* _Exercise directions_
The whole listing is to be restated word for word with no images.

* _Data segment_
BEGIN
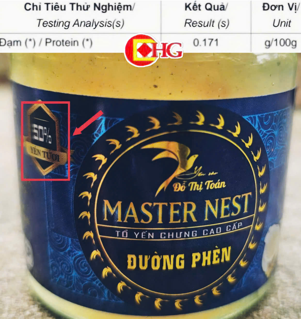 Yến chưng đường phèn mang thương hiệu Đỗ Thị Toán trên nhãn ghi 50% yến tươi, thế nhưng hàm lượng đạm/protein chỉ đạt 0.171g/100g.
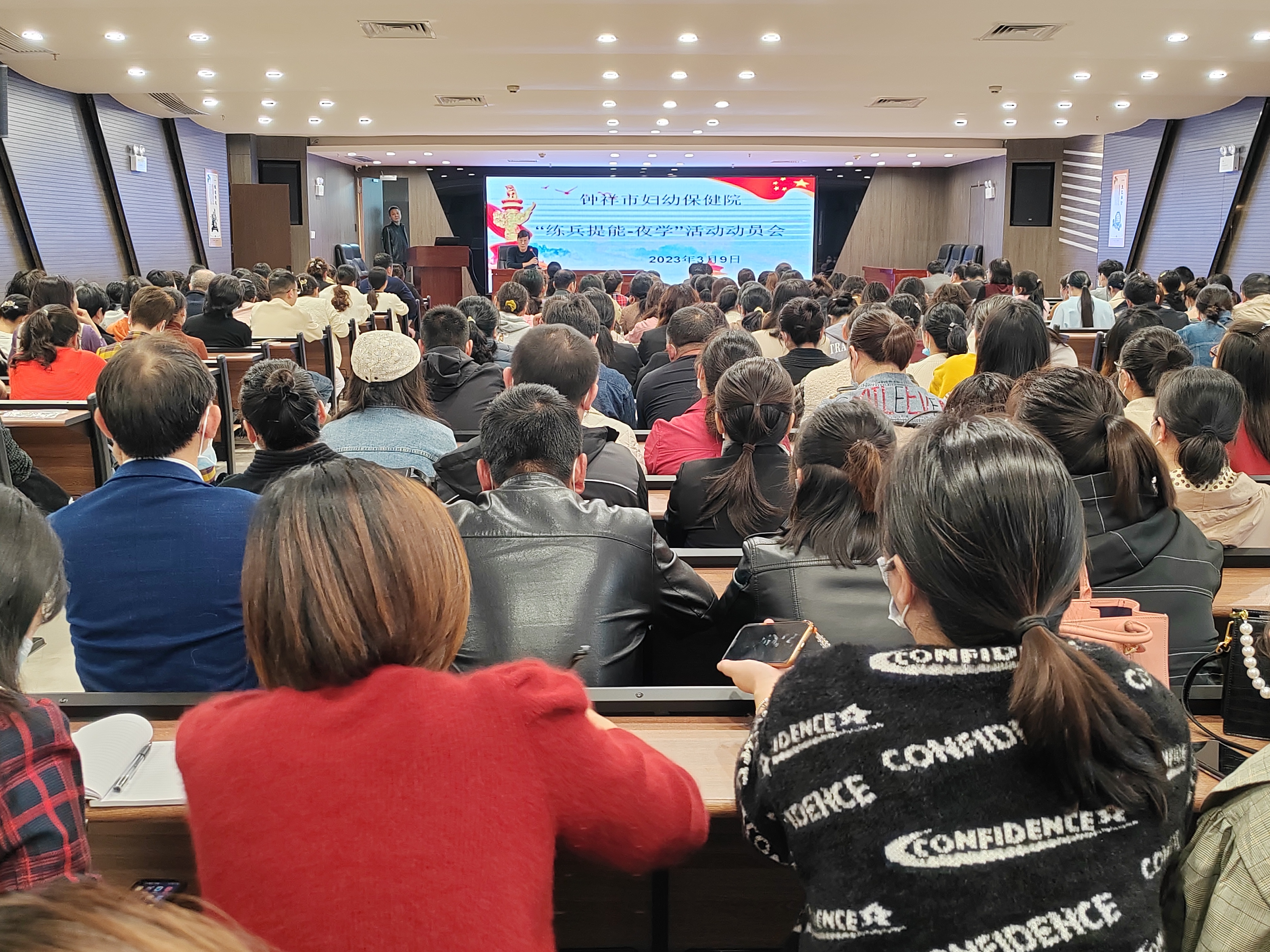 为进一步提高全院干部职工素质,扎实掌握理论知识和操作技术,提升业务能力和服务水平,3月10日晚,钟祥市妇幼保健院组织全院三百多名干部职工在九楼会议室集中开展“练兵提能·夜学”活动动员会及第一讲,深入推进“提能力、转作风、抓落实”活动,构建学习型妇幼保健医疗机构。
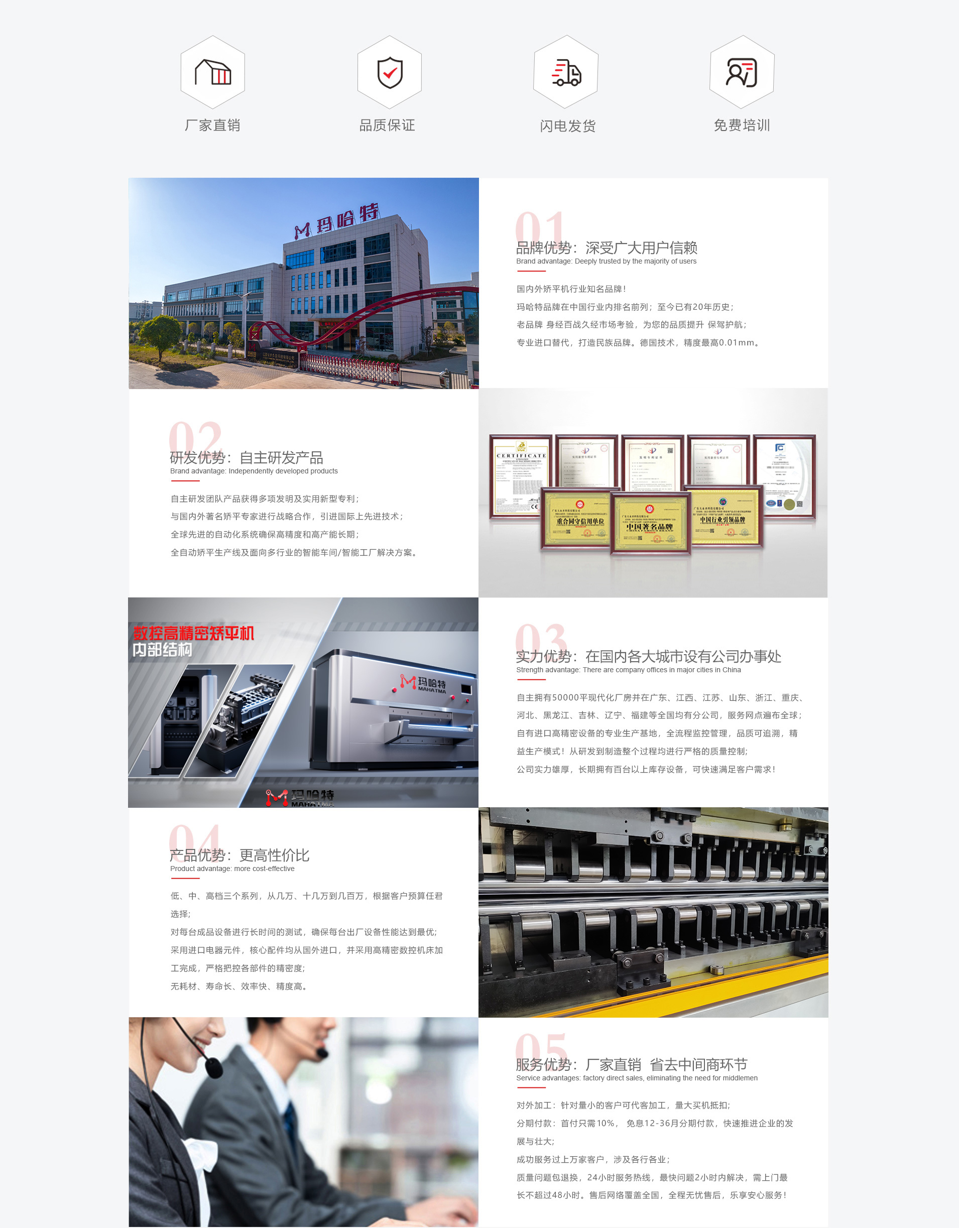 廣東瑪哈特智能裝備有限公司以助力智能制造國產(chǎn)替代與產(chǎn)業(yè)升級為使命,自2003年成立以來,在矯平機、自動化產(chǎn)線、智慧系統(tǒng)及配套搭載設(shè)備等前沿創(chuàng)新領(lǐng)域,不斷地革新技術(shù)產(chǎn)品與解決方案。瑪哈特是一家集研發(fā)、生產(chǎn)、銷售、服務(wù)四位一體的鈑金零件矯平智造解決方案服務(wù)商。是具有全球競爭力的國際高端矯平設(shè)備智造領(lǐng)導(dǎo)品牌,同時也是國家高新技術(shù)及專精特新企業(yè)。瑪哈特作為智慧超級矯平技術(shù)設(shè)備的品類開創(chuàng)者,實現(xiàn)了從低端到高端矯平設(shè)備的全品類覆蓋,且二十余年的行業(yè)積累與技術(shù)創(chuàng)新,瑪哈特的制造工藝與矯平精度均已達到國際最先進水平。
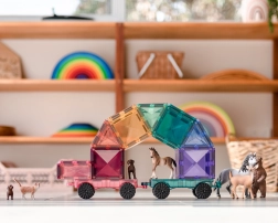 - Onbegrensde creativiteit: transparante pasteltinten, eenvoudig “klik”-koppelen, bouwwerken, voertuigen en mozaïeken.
END
* _Response box_
 Yến chưng đường phèn mang thương hiệu Đỗ Thị Toán trên nhãn ghi 50% yến tươi, thế nhưng hàm lượng đạm/protein chỉ đạt 0.171g/100g.
 为进一步提高全院干部职工素质,扎实掌握理论知识和操作技术,提升业务能力和服务水平,3月10日晚,钟祥市妇幼保健院组织全院三百多名干部职工在九楼会议室集中开展“练兵提能·夜学”活动动员会及第一讲,深入推进“提能力、转作风、抓落实”活动,构建学习型妇幼保健医疗机构。
 廣東瑪哈特智能裝備有限公司以助力智能制造國產(chǎn)替代與產(chǎn)業(yè)升級為使命,自2003年成立以來,在矯平機、自動化產(chǎn)線、智慧系統(tǒng)及配套搭載設(shè)備等前沿創(chuàng)新領(lǐng)域,不斷地革新技術(shù)產(chǎn)品與解決方案。瑪哈特是一家集研發(fā)、生產(chǎn)、銷售、服務(wù)四位一體的鈑金零件矯平智造解決方案服務(wù)商。是具有全球競爭力的國際高端矯平設(shè)備智造領(lǐng)導(dǎo)品牌,同時也是國家高新技術(shù)及專精特新企業(yè)。瑪哈特作為智慧超級矯平技術(shù)設(shè)備的品類開創(chuàng)者,實現(xiàn)了從低端到高端矯平設(shè)備的全品類覆蓋,且二十余年的行業(yè)積累與技術(shù)創(chuàng)新,瑪哈特的制造工藝與矯平精度均已達到國際最先進水平。
 - Onbegrensde creativiteit: transparante pasteltinten, eenvoudig “klik”-koppelen, bouwwerken, voertuigen en mozaïeken.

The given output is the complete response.